## DATA EXCERPT
_ _ _ _ _

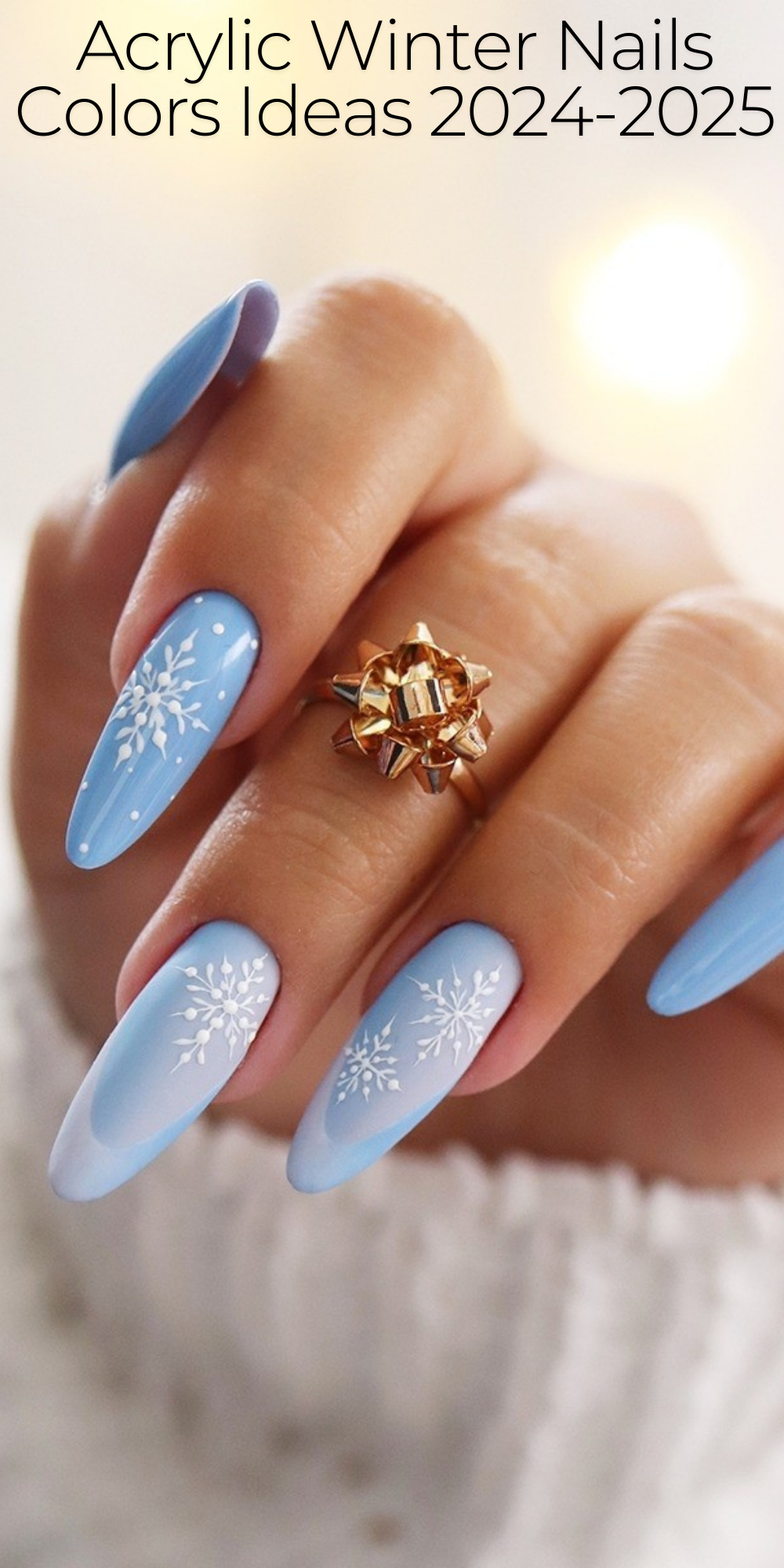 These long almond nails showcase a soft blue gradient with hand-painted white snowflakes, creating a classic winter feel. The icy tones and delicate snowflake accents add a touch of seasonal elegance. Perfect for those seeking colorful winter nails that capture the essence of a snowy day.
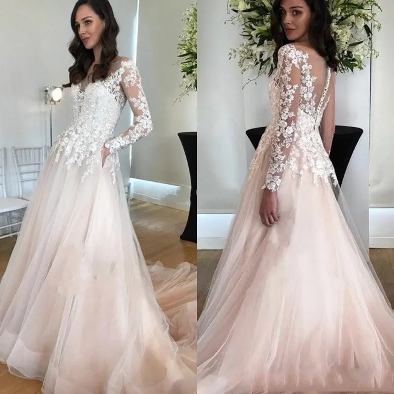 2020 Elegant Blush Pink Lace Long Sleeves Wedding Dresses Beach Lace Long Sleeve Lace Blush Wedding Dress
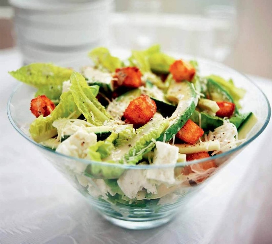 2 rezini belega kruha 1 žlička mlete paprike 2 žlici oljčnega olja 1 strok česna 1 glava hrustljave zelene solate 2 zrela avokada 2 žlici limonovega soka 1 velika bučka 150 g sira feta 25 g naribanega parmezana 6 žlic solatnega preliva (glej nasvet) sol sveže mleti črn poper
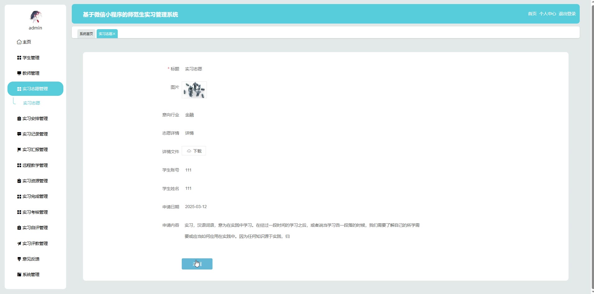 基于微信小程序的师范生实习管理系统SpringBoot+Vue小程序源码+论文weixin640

_ _ _ _ _

## BRIEF
Please produce an exact copy of the listing, omitting the pictures.

## OUTPUT FOR THIS TASK
 These long almond nails showcase a soft blue gradient with hand-painted white snowflakes, creating a classic winter feel. The icy tones and delicate snowflake accents add a touch of seasonal elegance. Perfect for those seeking colorful winter nails that capture the essence of a snowy day.
 2020 Elegant Blush Pink Lace Long Sleeves Wedding Dresses Beach Lace Long Sleeve Lace Blush Wedding Dress
 2 rezini belega kruha 1 žlička mlete paprike 2 žlici oljčnega olja 1 strok česna 1 glava hrustljave zelene solate 2 zrela avokada 2 žlici limonovega soka 1 velika bučka 150 g sira feta 25 g naribanega parmezana 6 žlic solatnega preliva (glej nasvet) sol sveže mleti črn poper
 基于微信小程序的师范生实习管理系统SpringBoot+Vue小程序源码+论文weixin640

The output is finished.